The Wall Street Journal, citing an Israeli official, reported that President Donald Trump gave Israel the go-ahead to restart its attacks.
The attacks fractured a drawdown in hostilities in a 17-month-long war that began with the ceasefire agreement and threatened a return to sustained fighting.
During the war, more than 48,000 Palestinians have been killed, according to the Gaza Health Ministry, and roughly 70 percent of all structures in Gaza have been destroyed during heavy Israeli bombing campaigns, according to Médecins Sans Frontières. Israel says it has killed 20,000 militants.
As part of the ceasefire agreement, both sides have been involved in negotiations for the return of hostages who were taken during Hamas’ Oct. 7, 2023, attacks, which led to the start of the war.
Negotiators were also working to secure a more lasting truce beyond the first phase of the agreement.
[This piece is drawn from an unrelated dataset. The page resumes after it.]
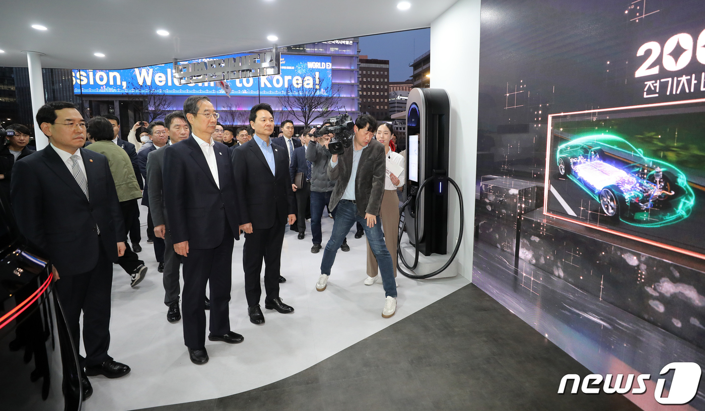 (서울=뉴스1) 김진환 기자 = 한덕수 국무총리를 비롯한 참석자들이 30일 오후 서울 종로구 광화문 광장에 마련된 2030 부산세계박람회(EXPO) 유치 기원 점등식을 마친 LG전자 부스를 둘러보고 있다. 2023.3.30/뉴스1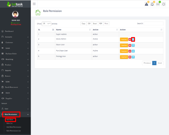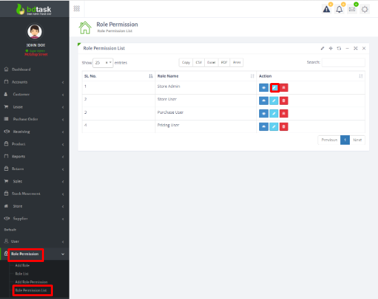 27. Here is role permission list.Here you can delete and edit data.For editing click on the mark button.

A group that represents the families of hostages held in Gaza slammed Israeli’s decision to resume fighting and claimed the government “chose to give up the hostages.”
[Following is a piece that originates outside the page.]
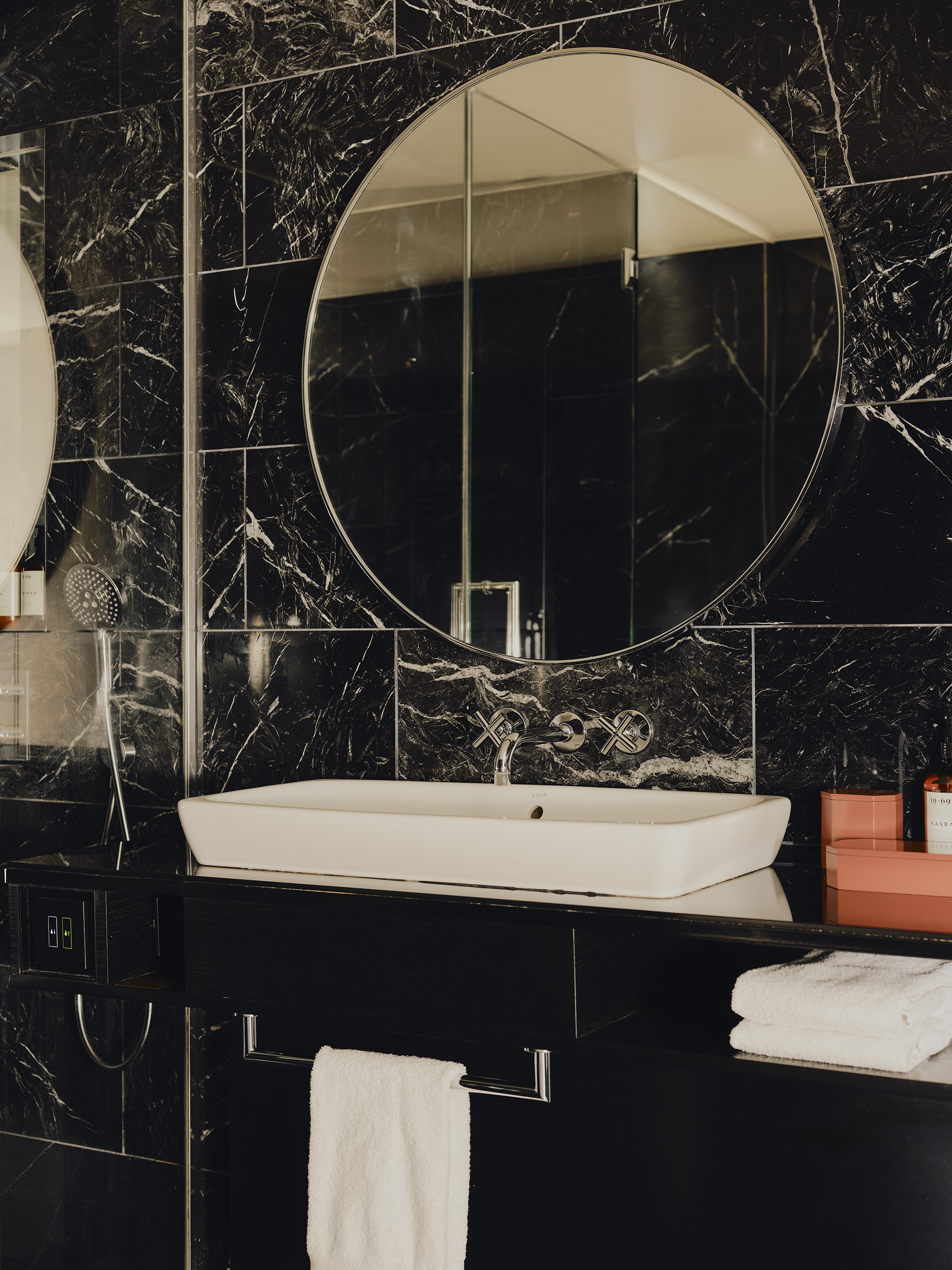 For those who like to host. A 95-sqm suite with a king-size bed, lounge, dining area, 30 sqm terrace, and a guest bathroom. Relax in the spacious bathroom's walk-in rain shower and free-standing bathtub. Sleeps two, or three with an extra bed.

“We are shocked, angry, and terrified by the deliberate dismantling of the process to return our loved ones from the terrible captivity of Hamas,” The Hostages Families Forum wrote in a post on social media.
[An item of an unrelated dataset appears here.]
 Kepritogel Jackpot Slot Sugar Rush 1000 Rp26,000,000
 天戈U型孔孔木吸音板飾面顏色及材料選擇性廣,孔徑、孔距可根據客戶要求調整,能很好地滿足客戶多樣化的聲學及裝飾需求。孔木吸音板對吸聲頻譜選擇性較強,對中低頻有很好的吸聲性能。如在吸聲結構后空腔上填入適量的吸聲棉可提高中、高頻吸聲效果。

“Families of kidnapped children have been begging for a while now for meetings with elected officials who are entrusted with the fate of their loved ones,” the group added, in a second post. “Now, it turns out that elected officials did not meet with them because they were planning to blow up the ceasefire, which could sacrifice their family members.”
In a statement, Hamas said Israel is “fully responsible for violating and overturning the agreement.”
The Palestinian Foreign Ministry, which is part of the Palestinian Authority in the Israeli-occupied West Bank, called for international intervention to stop the resumption of Israeli attacks, adding that it “affirms that political solutions are key to achieving calm, stopping the aggression, and restoring the political horizon for resolving the conflict.”
The United Nations’ humanitarian coordinator for Palestine also called for a halt to fighting.
“This is unconscionable,” Muhannad Hadi said in a statement. “A ceasefire must be reinstated immediately.”
One of Netanyahu’s most important governing partners, the far-right Finance Minister Bezalel Smotrich, welcomed the attacks.
Smotrich had previously threatened to quit the prime minister’s coalition if fighting in Gaza did not resume.
Israel’s strikes on Gaza came after Trump ordered U.S. strikes on Houthi militant targets in Yemen in recent days.
The Iran-backed group has repeatedly launched attacks on shipping in the Red Sea, claiming their actions are in support of the Palestinians in Gaza.
White House National Security Adviser Mike Walz told ABC News on Monday that the U.S. strikes on Yemen “took out” multiple Houthi leaders.